Last year alone, the company bought 120,000 pounds of human hair in China and India for its SmartGrow mats. The company claims that the mats are environmentally friendly, 100 percent biodegradable, and that more than 2 million of them are used in Florida gardens and farms alone.

"SmartGrow is not a miracle bullet, but it does do many things that no other product does," said Blair Blacker, CEO and co-founder of World Response. "Last year alone we saved using 20,000 pounds of herbicide that would have ended up in the water."

SmartGrow helps residential and commercial gardeners save on herbicide, fertilizer and water, Blacker said, and can boost production of plants such as tomatoes and peppers. Some nursery owners have said that the product has saved them thousands of dollars in herbicide, labor and watering costs.

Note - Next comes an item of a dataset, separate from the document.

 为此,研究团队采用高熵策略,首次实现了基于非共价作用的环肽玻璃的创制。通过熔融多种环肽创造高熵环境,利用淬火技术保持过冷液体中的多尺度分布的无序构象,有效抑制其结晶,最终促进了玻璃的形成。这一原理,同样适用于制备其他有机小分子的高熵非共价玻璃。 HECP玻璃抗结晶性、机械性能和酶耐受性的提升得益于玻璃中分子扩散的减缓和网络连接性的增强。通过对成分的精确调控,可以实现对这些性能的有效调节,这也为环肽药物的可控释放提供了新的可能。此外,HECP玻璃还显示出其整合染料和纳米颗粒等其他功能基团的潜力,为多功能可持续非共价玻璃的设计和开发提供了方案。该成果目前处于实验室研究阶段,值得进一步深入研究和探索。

While the idea of using products made of human hair for gardening might seem bizarre, the production method used is similar to the way human hair wigs are made. The hair is collected, sanitized and woven into mats in a rug-weaving-like process in a factory in China.

New mats make gardening hair-raising

So far, World Response hasn't used American hair, according to Blacker. The reason is that too much American hair is dyed and chemically treated, making it unsuitable for growing food. And there are also no markets or collection systems for human hair in the US. In China, much of the human hair collected is sold to wig makers. Other hair is bought for extraction of its component keratin, which is used in making pizza and bagel dough.

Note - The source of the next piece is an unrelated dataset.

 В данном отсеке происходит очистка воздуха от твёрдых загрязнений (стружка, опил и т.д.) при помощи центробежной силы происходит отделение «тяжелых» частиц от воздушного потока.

Maurice "Boo" Hanson, a spokesman for SmartGrow, and who owns Hanson Farms in Cummings, Ga., said that placing SmartGrow mats under his tomatoes has boosted production by 48 percent.

Jack Kramer, a noted gardening author in Florida who's published more than 100 books, said he's never seen a SmartGrow mat but that several similar products made from animal hair are on the market and they work. "If it works with animal hair, it probably would work with human hair," Kramer said.

Zhang Shouan, a professor at the University of Florida's Tropical Research & Education Center in Homestead, said he's conducted preliminary trials of SmartGrow mats on tomatoes. While he found "a slightly increased yield compared to the untreated plants after a total of three harvests," he cautions that it's still too early to reach any final conclusion about the product's performance.

But the mats definitely are money savers for some. Brady Vogt, co-manager of Pelican Nursery in Naples, Florida., said he's used human-hair mats as a weed inhibitor in 1- and 3-gallon pots. He said they work better than the coconut-husk mats the nursery previously bought. They're also cheaper and can be re-used two or three times, unlike coconut mats, which fall apart after just one use.

The only problem at Pelican has been "psychological", according to Vogt. "The first time the nice ladies working here saw it, they said it was revolting," he said.